Contributors netapp-rlithman

Workload Factory, the NetApp management suite for Amazon FSx for NetApp ONTAP, helps you maintain and operate reliable, secure, efficient, and cost-effective storage and database configurations that align with the AWS Well-Architected Framework. Workload Factory provides daily analysis of your storage and database workloads, recommendations, and automatic fixes to promote healthy workload operations. By automating this process, Workload Factory minimizes human error and ensures consistency in workload management.

How it works

Workload Factory analyzes Amazon FSx for NetApp ONTAP file systems, Microsoft SQL Server, and Oracle database deployments daily. The daily analysis provides the well-architected status, and insights and recommendations with options to automatically fix configuration issues so that your deployments meet best practices and operate efficiently.

After the daily analysis completes, configurations appear as "optimized" or "not optimized" in the Well-architected dashboard for the deployment.
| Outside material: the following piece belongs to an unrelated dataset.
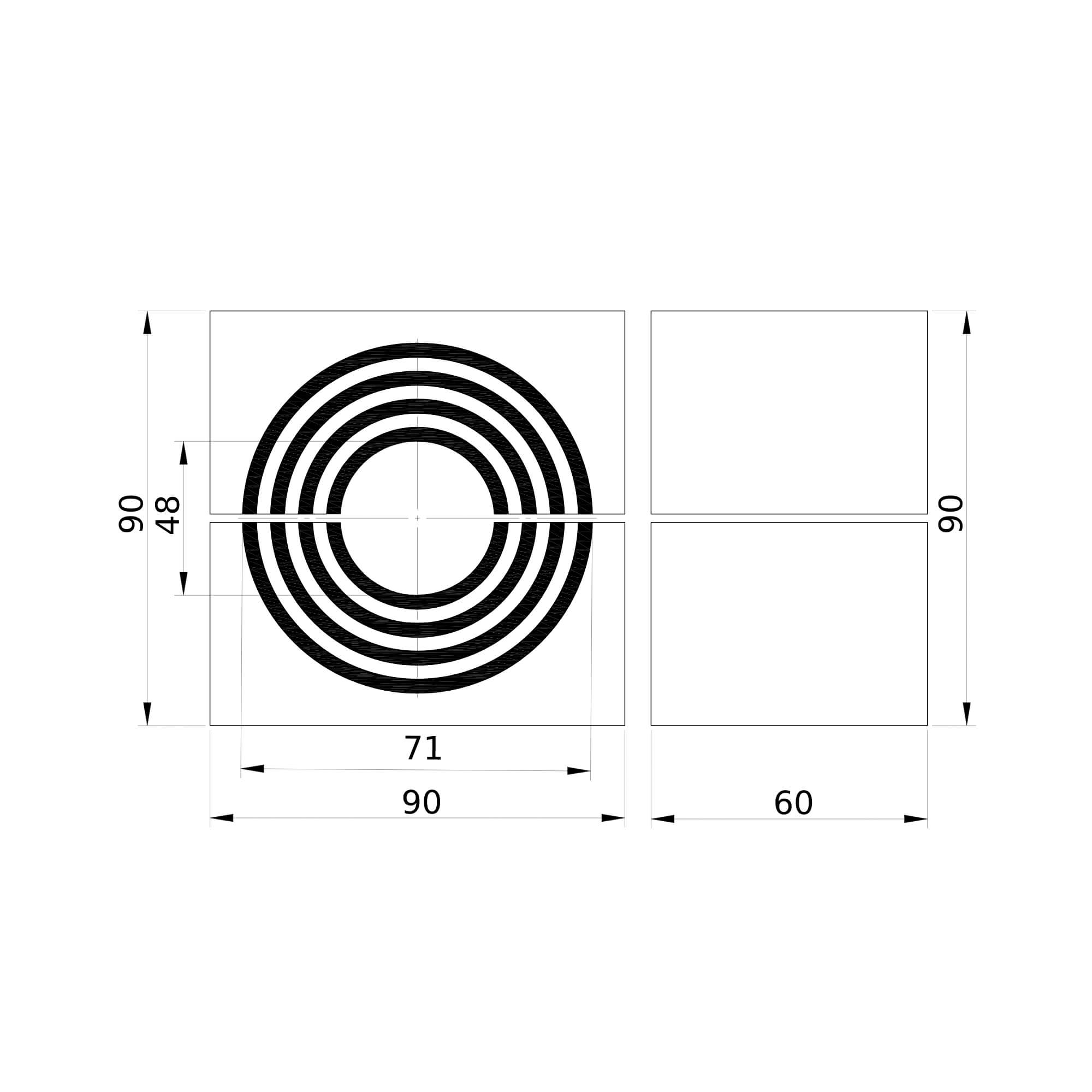 Кабельные модули устанавливаются в раму для последующей прокладки через них кабелей. Герметизируют место прохода кабеля, препятствуют распространению пожара. Сечение модуля 90×90 мм, глубина - 60 мм, диаметр прокладываемого кабеля - 48-71 мм.

You'll find the total optimization score, configuration issues by category, and a list of configuration issues and recommendations. You can review the recommendations for configuration issues. Some issues can be fixed automatically by Workload Factory, while others require manual intervention. In this case, Workload Factory provides detailed instructions to help you implement the recommended changes.
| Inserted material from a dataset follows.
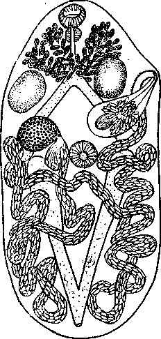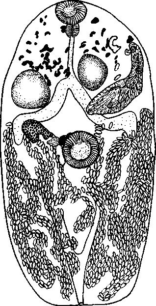 Желточные протоки идут косо и встречаются, образуя маленький треугольной формы желточный резервуар, который лежит с правой стороны передней половины брюшной присоски.

Because requirements for storage and database workloads vary, you can dismiss the analysis of specific configurations that don't apply to your environments. This helps you avoid unnecessary alerts and inaccurate optimization results. When a specific configuration analysis is dismissed, the configuration isn't included in the total optimization score.

Why it matters

Workload Factory simplifies the difficult task of manually applying best practices to large storage or database environments; it streamlines this process by combining analysis and remediation for suboptimal configurations from the Workload Factory console. Fixes applied within the Workload Factory console eliminate the risk of human error and ensure uniformity in storage and database management. By leveraging automation, you can guarantee that the configurations are applied correctly every time and preserved this way over time, thus maintaining the high standards of performance and reliability across your entire storage infrastructure.

Get started with Workload Factory to detect and correct misconfigurations

Get started with Workload Factory by signing up and creating an account, adding credentials, and establishing connectivity so that Workload Factory can manage AWS resources directly, and then optimize your workloads by using Amazon FSx for NetApp ONTAP.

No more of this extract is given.